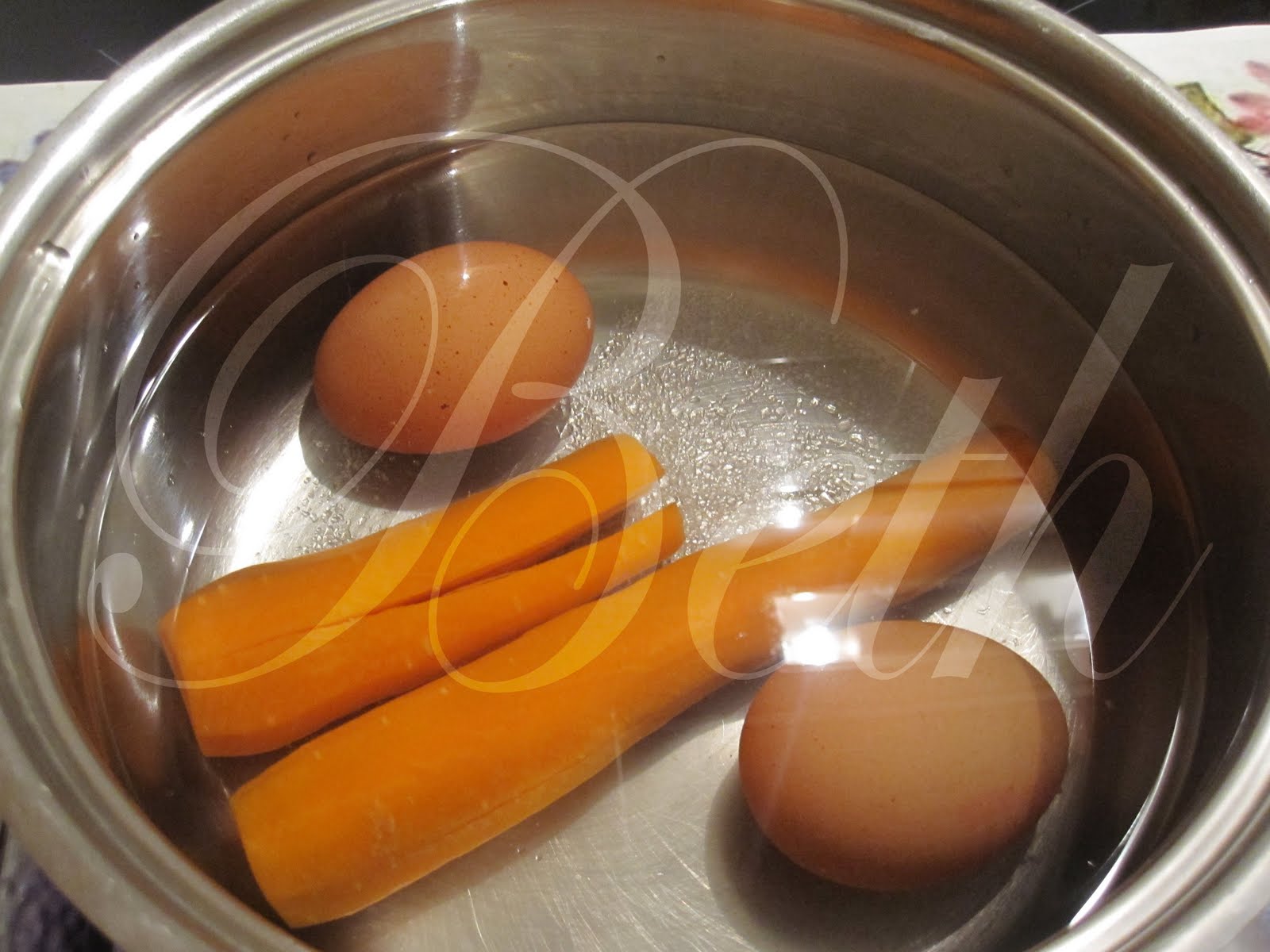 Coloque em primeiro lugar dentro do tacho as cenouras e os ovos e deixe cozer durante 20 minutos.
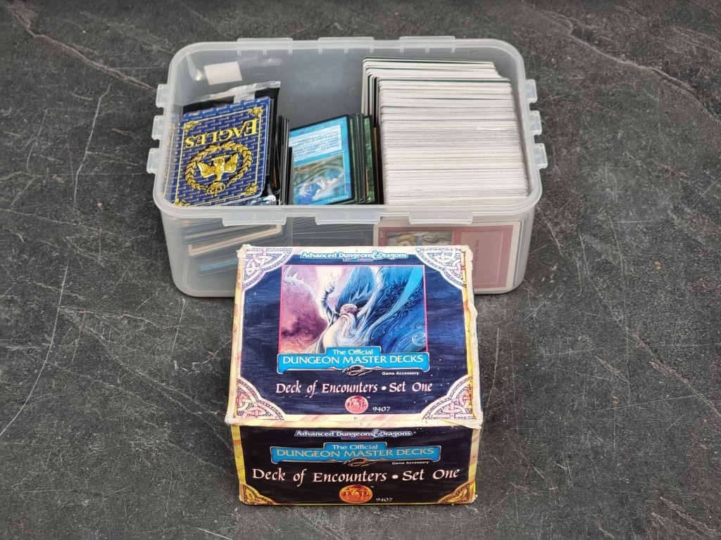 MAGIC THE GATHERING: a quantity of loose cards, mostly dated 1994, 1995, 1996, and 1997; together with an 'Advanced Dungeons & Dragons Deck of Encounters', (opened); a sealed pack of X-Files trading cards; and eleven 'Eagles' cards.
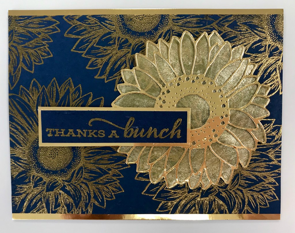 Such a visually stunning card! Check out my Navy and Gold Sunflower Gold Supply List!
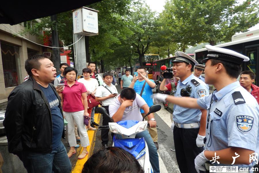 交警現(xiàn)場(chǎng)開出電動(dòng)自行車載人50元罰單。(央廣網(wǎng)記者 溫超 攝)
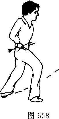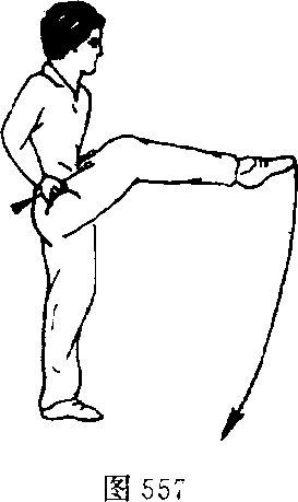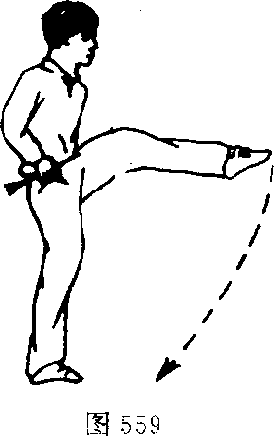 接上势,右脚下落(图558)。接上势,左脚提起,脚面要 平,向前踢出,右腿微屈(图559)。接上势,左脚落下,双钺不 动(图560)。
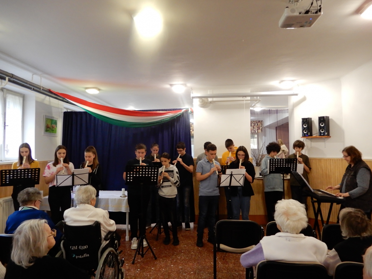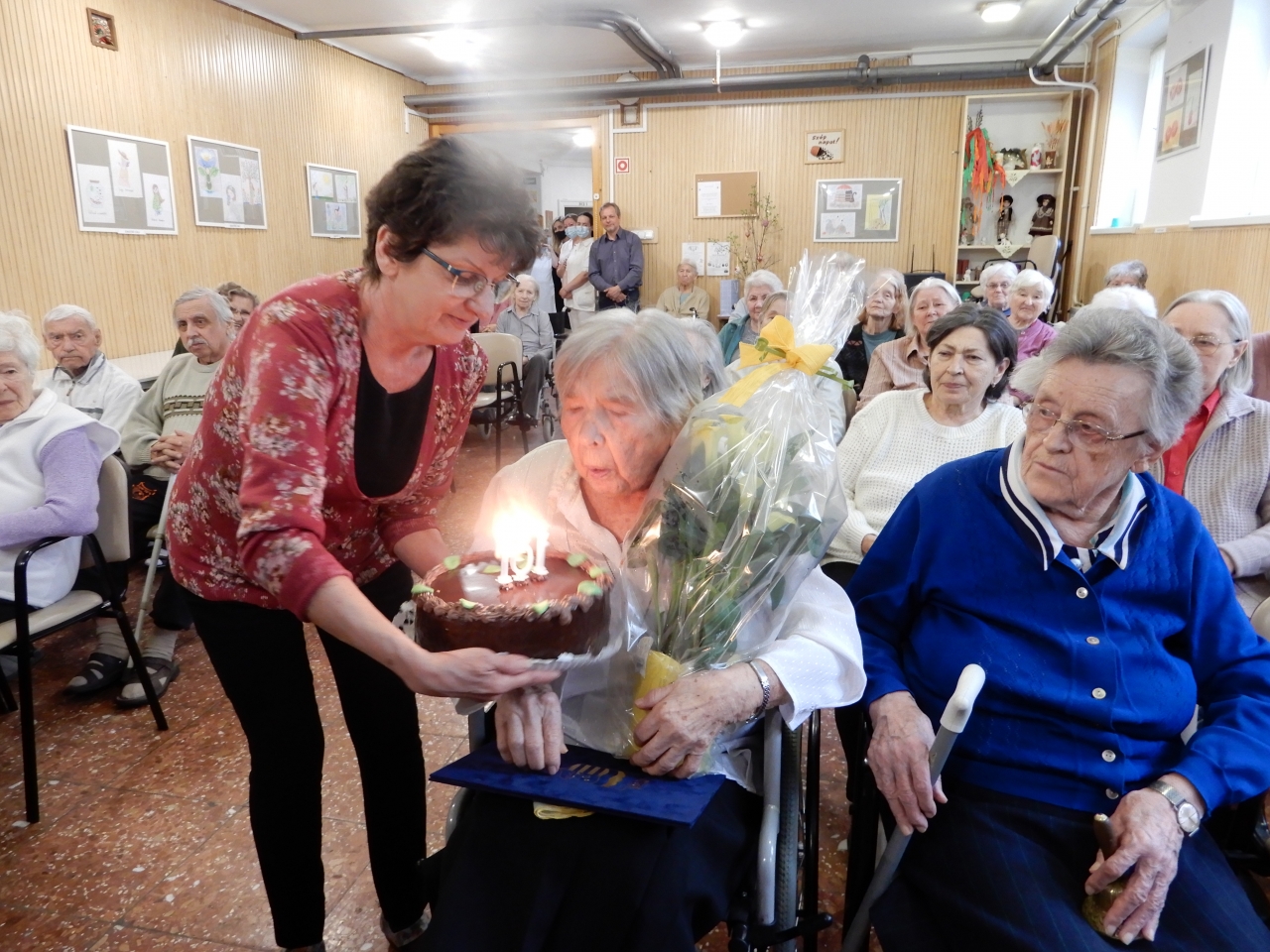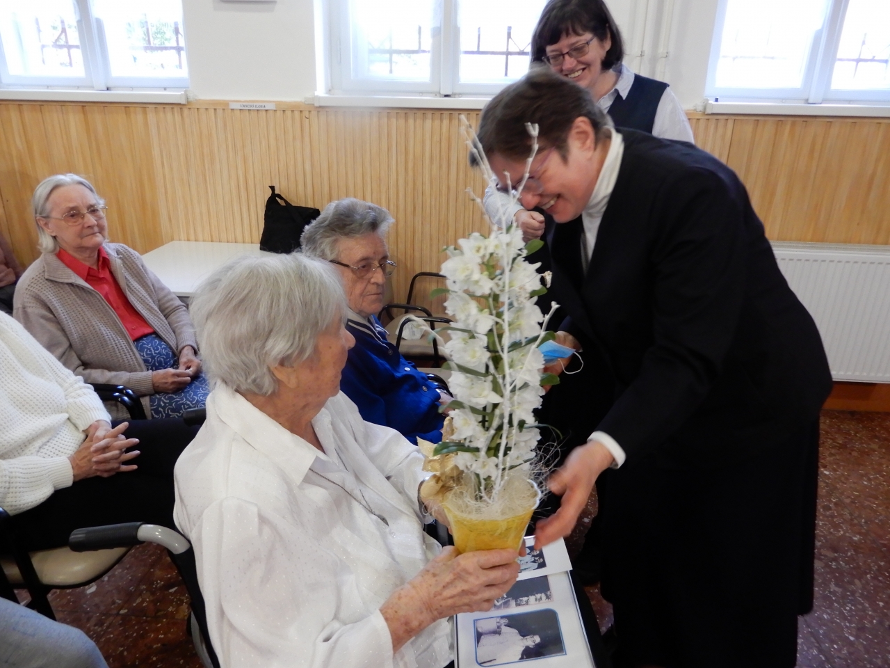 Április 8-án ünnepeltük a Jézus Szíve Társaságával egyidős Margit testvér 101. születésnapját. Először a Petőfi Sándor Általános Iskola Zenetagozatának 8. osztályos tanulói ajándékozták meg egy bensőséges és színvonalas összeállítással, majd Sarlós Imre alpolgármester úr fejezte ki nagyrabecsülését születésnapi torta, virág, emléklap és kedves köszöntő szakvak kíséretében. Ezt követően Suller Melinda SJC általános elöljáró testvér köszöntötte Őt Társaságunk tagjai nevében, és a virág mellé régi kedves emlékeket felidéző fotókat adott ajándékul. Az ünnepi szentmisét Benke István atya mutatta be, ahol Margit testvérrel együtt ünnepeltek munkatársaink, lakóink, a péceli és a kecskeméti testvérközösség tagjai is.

[Exercise]:
Exactly as they appear above, print all the lines, but not the pictures.

[Solution]:
 Coloque em primeiro lugar dentro do tacho as cenouras e os ovos e deixe cozer durante 20 minutos.
 MAGIC THE GATHERING: a quantity of loose cards, mostly dated 1994, 1995, 1996, and 1997; together with an 'Advanced Dungeons & Dragons Deck of Encounters', (opened); a sealed pack of X-Files trading cards; and eleven 'Eagles' cards.
 Such a visually stunning card! Check out my Navy and Gold Sunflower Gold Supply List!
 交警現(xiàn)場(chǎng)開出電動(dòng)自行車載人50元罰單。(央廣網(wǎng)記者 溫超 攝)
 接上势,右脚下落(图558)。接上势,左脚提起,脚面要 平,向前踢出,右腿微屈(图559)。接上势,左脚落下,双钺不 动(图560)。
 Április 8-án ünnepeltük a Jézus Szíve Társaságával egyidős Margit testvér 101. születésnapját. Először a Petőfi Sándor Általános Iskola Zenetagozatának 8. osztályos tanulói ajándékozták meg egy bensőséges és színvonalas összeállítással, majd Sarlós Imre alpolgármester úr fejezte ki nagyrabecsülését születésnapi torta, virág, emléklap és kedves köszöntő szakvak kíséretében. Ezt követően Suller Melinda SJC általános elöljáró testvér köszöntötte Őt Társaságunk tagjai nevében, és a virág mellé régi kedves emlékeket felidéző fotókat adott ajándékul. Az ünnepi szentmisét Benke István atya mutatta be, ahol Margit testvérrel együtt ünnepeltek munkatársaink, lakóink, a péceli és a kecskeméti testvérközösség tagjai is.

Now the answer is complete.